Chicago is the rehearsal ground for what’s becoming a militarized nationwide campaign against undocumented immigrants and those who seek to protect them. What’s happening here will soon be happening in Portland, in Memphis, in Los Angeles, in New York. But it’s also the rehearsal ground for what will, one hopes, become a nationwide campaign against Trump’s American-made brand of fascism. Whether he intended to or not, Trump couldn’t have chosen a better city for the beginnings of a resistance movement.
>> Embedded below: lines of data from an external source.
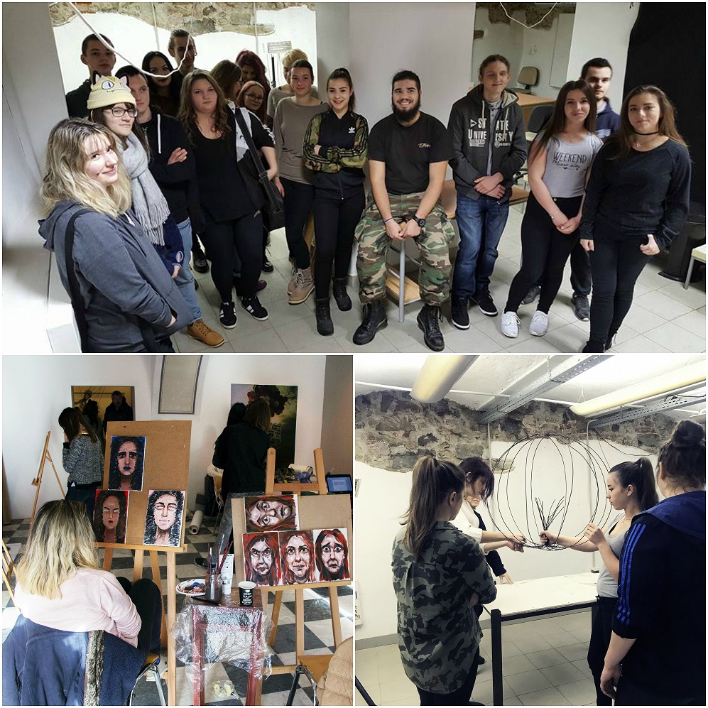 Na mobilnosti u Mariboru (Slovenija) od 14. 1. do 27. 1. 2018. sudjelovali su učenici iz Škole likovnih umjetnosti u Splitu (Lea Markotić, Toma Miljak, Anamaria Totić, Blanka Bižaca, Jelena Cambj, Anja Metikoš, Roko Jelača, Dea Tadić, Miro Emrić, Bojana Mladenovska i nastavnica Zrinka Barbarić) i Škole primijenjene umjetnosti i dizajna iz Osijeka (Marija Josipović , Valentina Pavlović, Vanessa Stanković, Ankica Anđelić, Ivona Malčić, Marija Vidić, Nika Sekereš, Hrvoje Ivanković, Miron Jelić i Rober Hegeduš i nastavnik Drago Stojaković). Učenici su na dvotjednoj stručnoj praksi radili pod mentorstvom umjetnika koji su članovi udruge KIBLA: Irenom Parmič, Sašom Bezjakom, Cameronom Bobrom, Viktorom Šestom i Metkom Kavčić. Osim stručne prakse, učenici su imali organizirane kulturne aktivnosti te su posjetili Umjetničku galeriju u Mariboru, srednju umjetničku školu u Mariboru, te Muzej suvremene umjetnosti Metelkova i Modernu galeriju u Ljubljani. Radove koje su izradili pod vodstvom mentora učenici su predstavili na završnoj izložbi u galeriji ArtKIT (kratki video o izložbi autora Roka Jelače možete pogledati ovdje.)
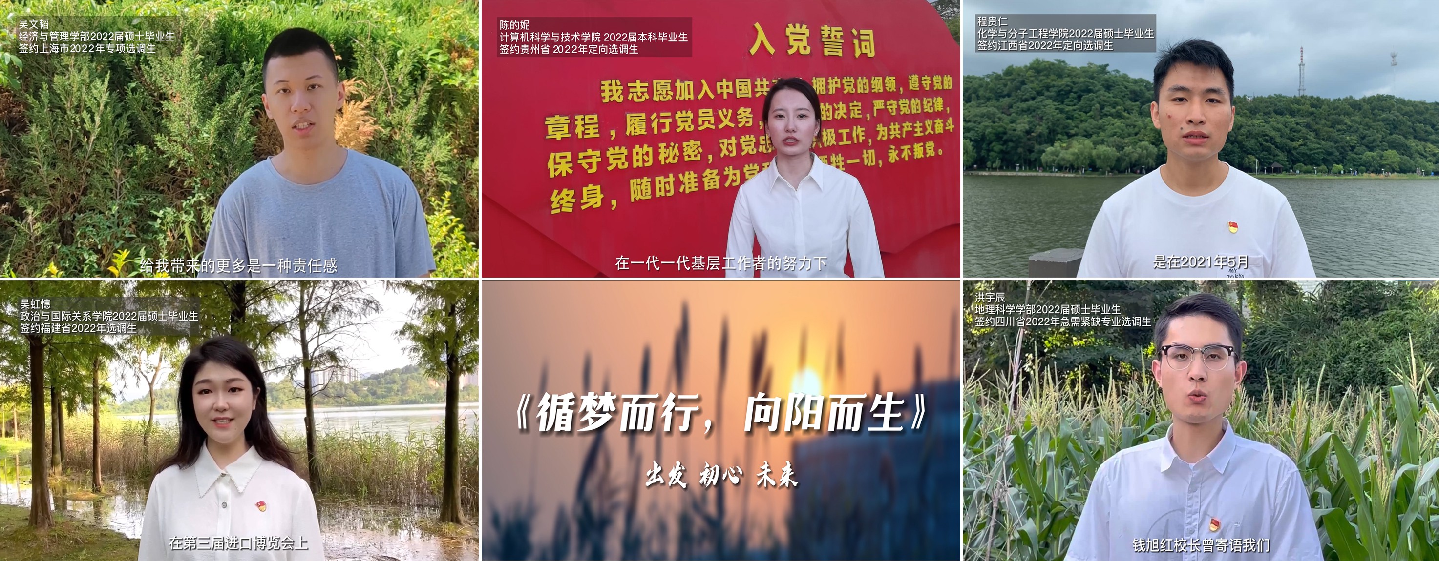 7月6日上午,华东师大2022年选调生毕业生行前会在线上举行。选调生毕业生、院系代表、选调生校友代表相聚一堂,校党委副书记杨昌利,党委学生(研究生)工作部部长、选调生工作办公室主任余佳,以及党委组织部、校团委、学生职业发展中心等相关负责人出席会议。会议由选调生基层服务协会负责人、地理科学学院博士生程婉莹主持。华东师大2022年选调生毕业生行前会在线上举行 选择了选调生,也意味着选择了一份沉甸甸的责...
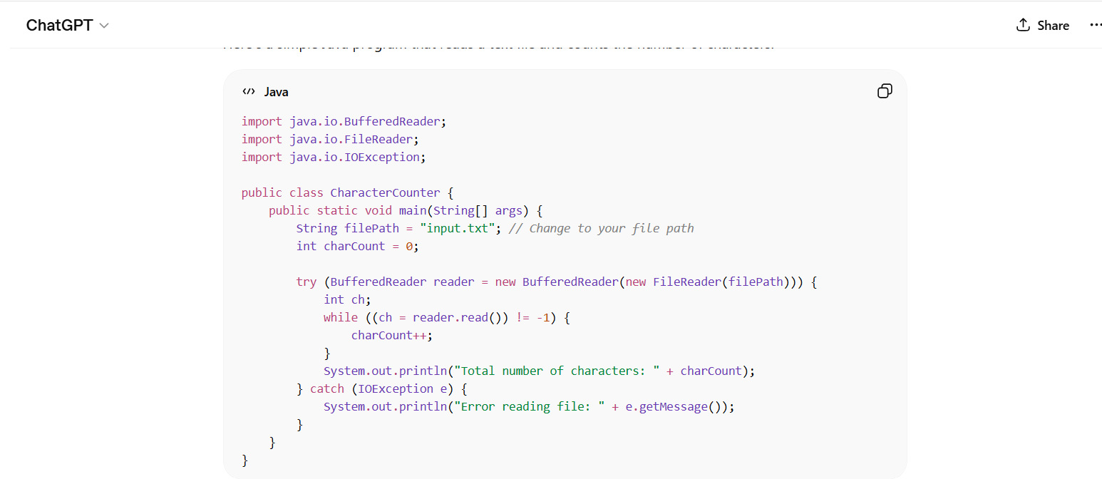 Create a Java program that reads a text file and counts the number of characters
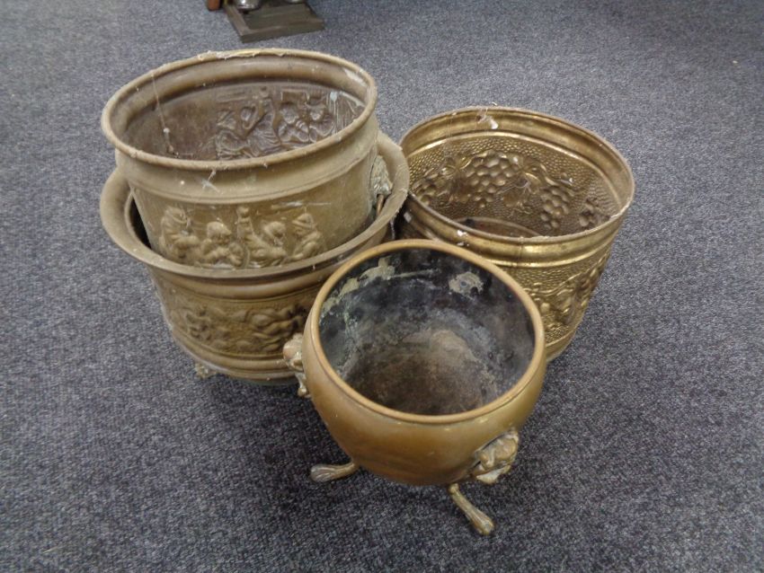 Three embossed brass planters together with a further brass planter on raised feet

What’s significant about the protests in Chicago is that they have spread beyond the usual groups, the so-called “professional left” that can be counted on to attend every rally, and which started the demonstrations in Broadview, and into the neighborhoods where ICE is attempting to operate. When ICE agents were heckled in Logan Square and blocked from entering a grocery store parking lot, they responded by spraying the neighborhood, which is near Funston Elementary School, with tear gas. But neighbors banded together against ICE, as described by Chicago Teachers Union delegate Maria Heavener. As Bill Higgins told the blog The Party Cut, the principal at another nearby school — Moos Elementary School — also set up a system where families can help walk kids to their homes, or get groceries, if other families can’t go out as easily and need help.
“The community is 100% united in support of one another, even as these guys are committing crimes and trying to turn our city into the war zone they always falsely accuse it of being,” Higgins said. “They’re making all of us unsafe and they aren’t helping with anything good.”
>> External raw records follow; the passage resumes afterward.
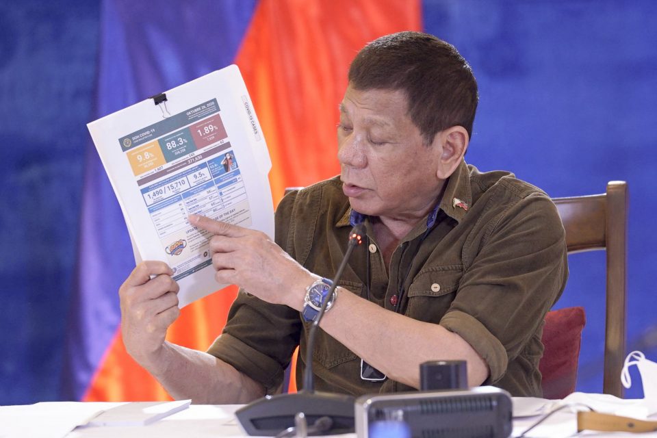 President Rodrigo Roa Duterte shows a document while holding a meeting with the Inter-Agency Task Force on the Emerging Infectious Diseases (IATF-EID) core members at the Matina Enclaves in Davao City on October 26, 2020.
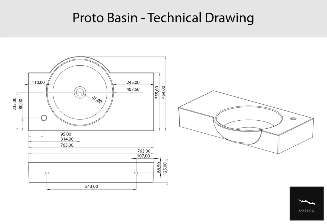 Description: The Rossco Proto Basin combines exceptional durability with a sleek design, perfect for residential and commercial spaces. Designed to withstand frequent use, this Basin / Sink offers a stylish yet functional solution.
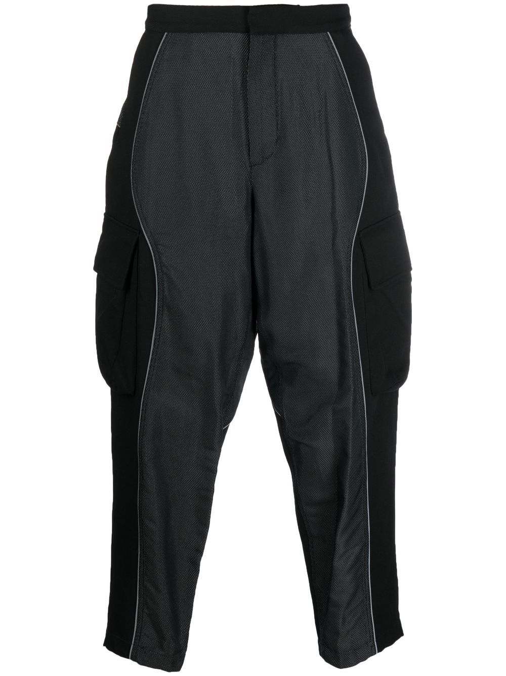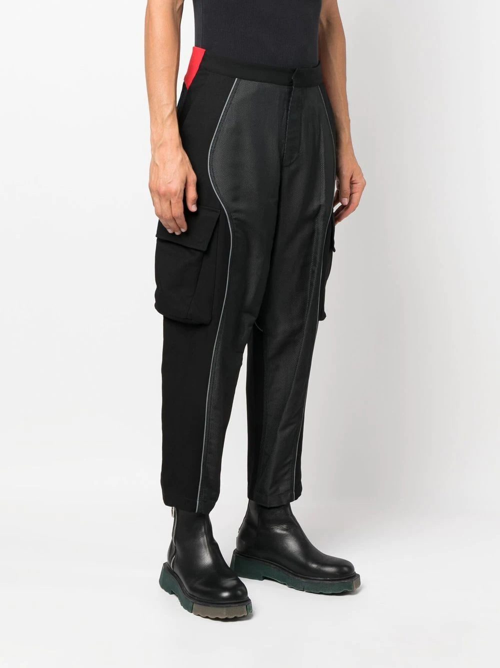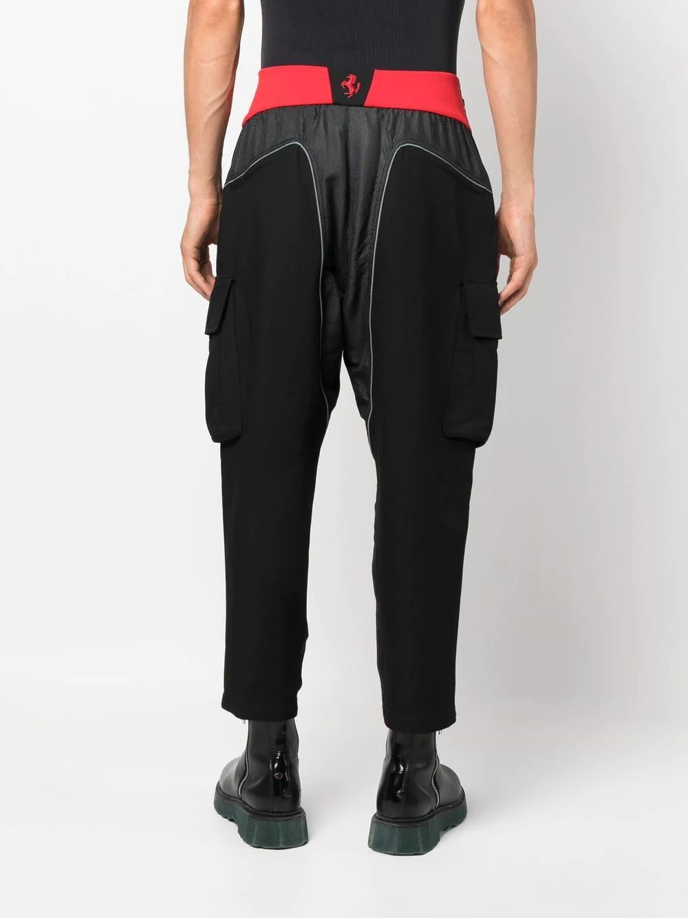 cropped panelled track pants from Ferrari featuring dark grey, flame red, panelled design, logo patch to the front, two diagonal pockets to the sides and cropped leg.
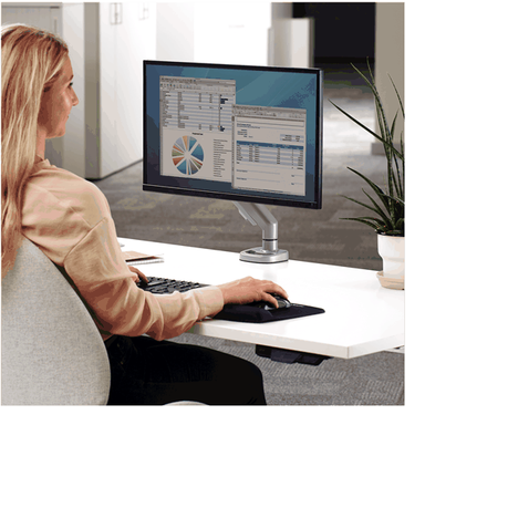 Achieve the perfect position and comfort with 26cm of height adjustability and 53cm of reach. Holds monitors up to 8kgs.

That kind of resistance is happening across the city. When 40th Ward Alderperson Andre Vasquez held a Community Defense Workshop on October 4 in the auditorium of Mather High School, he expected 300 people to show up. Instead, an estimated 700 did, filling the hall. One speaker advised attendees on what to do if they saw ICE agents snatching a neighbor. “Use your cars,” he said. “Block them. Don’t let them leave with your neighbors. Make their lives a living hell.”
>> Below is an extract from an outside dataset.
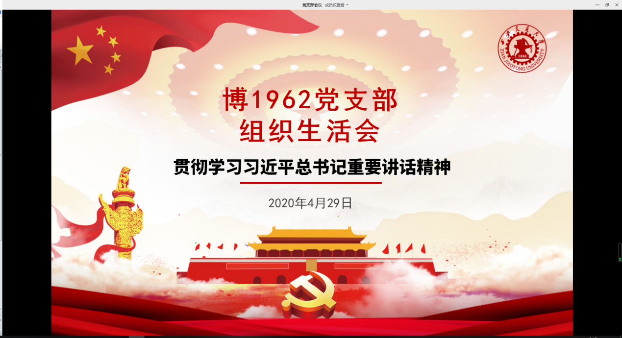 博1962党支部召开线上党组织生活会,专题学习习近平总书记重要讲话精神。会议邀请了学院党委书记苏玉波参加,由支部书记刘春霖主持。
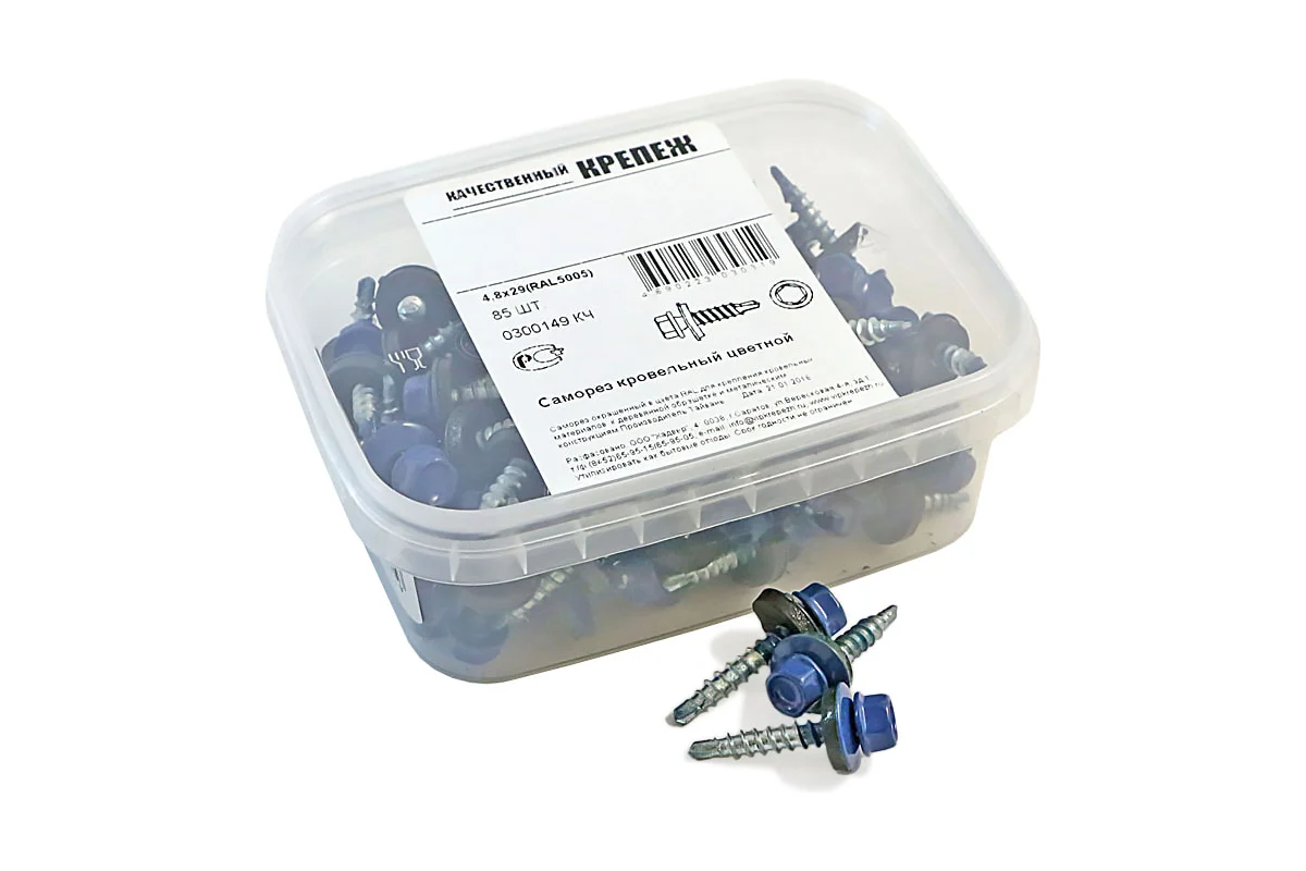 Кровельный саморез «Качественный крепёж» 4,8/29 RAL500585 синего цвета, фасовка 85 шт.

After the event, Vasquez told the Chicago Tribune’s Jake Sheridan that the turnout was so large because “people know what moment we’re in in history. They want to be on the right side of it.” The moment, as Vasquez identified it: “Fascism.”
Meanwhile, on the West Side, a group of business owners pledged their support to “ICIRR, not ICE,” referring to the Illinois Coalition for Immigrant and Refugee Rights, a nonprofit that has trained 4,500 residents in its “Know Your Rights” campaign, and whose hotline is receiving a record 1,000 calls a day from frightened immigrants. ICIRR now has 30 rapid response groups of volunteers who document ICE in their neighborhoods.
“Don’t use our parking lots,” said a woman who identified herself as Ann from Play, the Chicago toystore, addressing ICE. “Don’t use our loading zones, and definitely don’t use our tax dollars.” Another speaker endorsed Sin Titulo’s Neighbor to Neighbor initiative. Sin Titulo, which describes itself as “a collective of Latina sisters,” is dropping off groceries to immigrants too frightened to venture outside.
In Belmont-Cragin, the group Belmont Cragin United is also handing out whistles that residents can blow when they see ICE agents. And around the city, businesses as small as laundromats are displaying “NO ICE” signs, and “Know Your Rights” flyers have been plastered to placards all over the city.
Everyday Chicagoans are proving that they’re the first line of defense against this extraordinary federal incursion into this city. The federal government’s efforts, not least the deployment of the National Guard, go beyond standard immigration enforcement: They are an attempt to undermine the rule of law and to fulfill the strongman ambitions of our president, who has openly mused about invoking the Insurrection Act. It can happen here, and it is. Chicagoans are organizing against it, not just for the benefit of our city, but for the entire country.